Court of Appeals of Missouri, Western District, Special Division

October 29, 2019

RANDALL E. BURNS, ET AL., Appellants,
v.
JASON TAYLOR, ET AL., Respondents.

          Appeal from the Circuit Court of Linn County, Missouri The Honorable Thomas P. Redington, Judge

          Before Gary D. Witt, Presiding Judge, Edward R. Ardini, Jr., Judge and Kelly L. Lovekamp, Special Judge

          Gary D. Witt, Judge

         Randall Burns, Amanda Burns, and the Estate of Nicole Burns (collectively "Burnses"), appeal the judgment of the Circuit Court of Linn County against Randall[1] for $50, 000 in actual damages and $50, 000 in punitive damages to Jason Taylor, and the Burnses also appeal the trial court's denial of their Motion for New Trial. The Burnses raise five allegations of error and request this court order a new trial or in the alternative remit the damages award.[2] We affirm.

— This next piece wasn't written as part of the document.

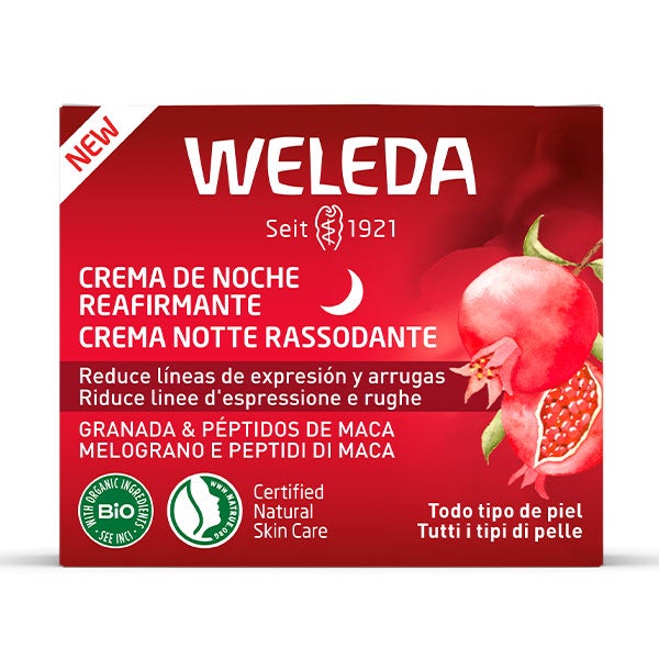 Extender cada noche sobre rostro, cuello y escote después de limpiar la piel y tras la aplicación del Sérum Facial Reafirmante de Granada y Péptidos de Maca.

         Factual Background[3]

         This case centers around three fights that occurred in Brookfield, Missouri in the early morning hours of September 10, 2011. The first fight took place shortly after the Pigskin bar closed. Levi Swanson ("Swanson") and Derrik Wills ("Wills") got into a fight in the parking lot of the bar. Amanda and Nicole entered the fray and punched and kicked Swanson. The fight broke up when the police arrived.

         After the police left the scene, another altercation occurred between Amanda and Nicole against Jason Taylor ("Taylor"). Swanson joined the fight in Taylor's defense. It is unclear from the evidence exactly when, but at some point during these first two altercations, Amanda broke her wrist and Nicole sustained a back injury. After the second fight, Amanda called Randall and asked him to pick up her and her sister. Nicole called Randall separately and asked Randall to "kick [Taylor's] a**."

         After Randall arrived, Nicole requested to go to Swanson's house, and after driving two blocks, Amanda got out of the vehicle and walked home. Randall drove to his son, Robert's home, to pick up Robert for "backup," and then Randall, Nicole, and Robert drove to Swanson's house. Once the three arrived at Swanson's home, both Taylor and Swanson (collectively "Respondents") arrived. Randall was carrying an axe handle and swung it at Taylor. Randall hit Taylor over the head, and Taylor fell to the ground suffering a shoulder injury. Randall then began to punch Taylor repeatedly. Taylor begged Randall to stop hitting him. The third fight ended when police arrived. Taylor suffered a broken right arm, torn right shoulder capsule, and a torn right shoulder labrum. Taylor missed several months of work and continues to have limitations of the use of his right arm.

         The Burnses filed a petition for damages on September 4, 2014, which was later amended. The amended petition alleged negligence against Respondents, battery against Swanson, and battery against Taylor. Taylor brought a counterclaim against Nicole and Amanda for battery, and Respondents brought a counterclaim against Randall for battery. A jury trial was held on March 15 and 16, 2018.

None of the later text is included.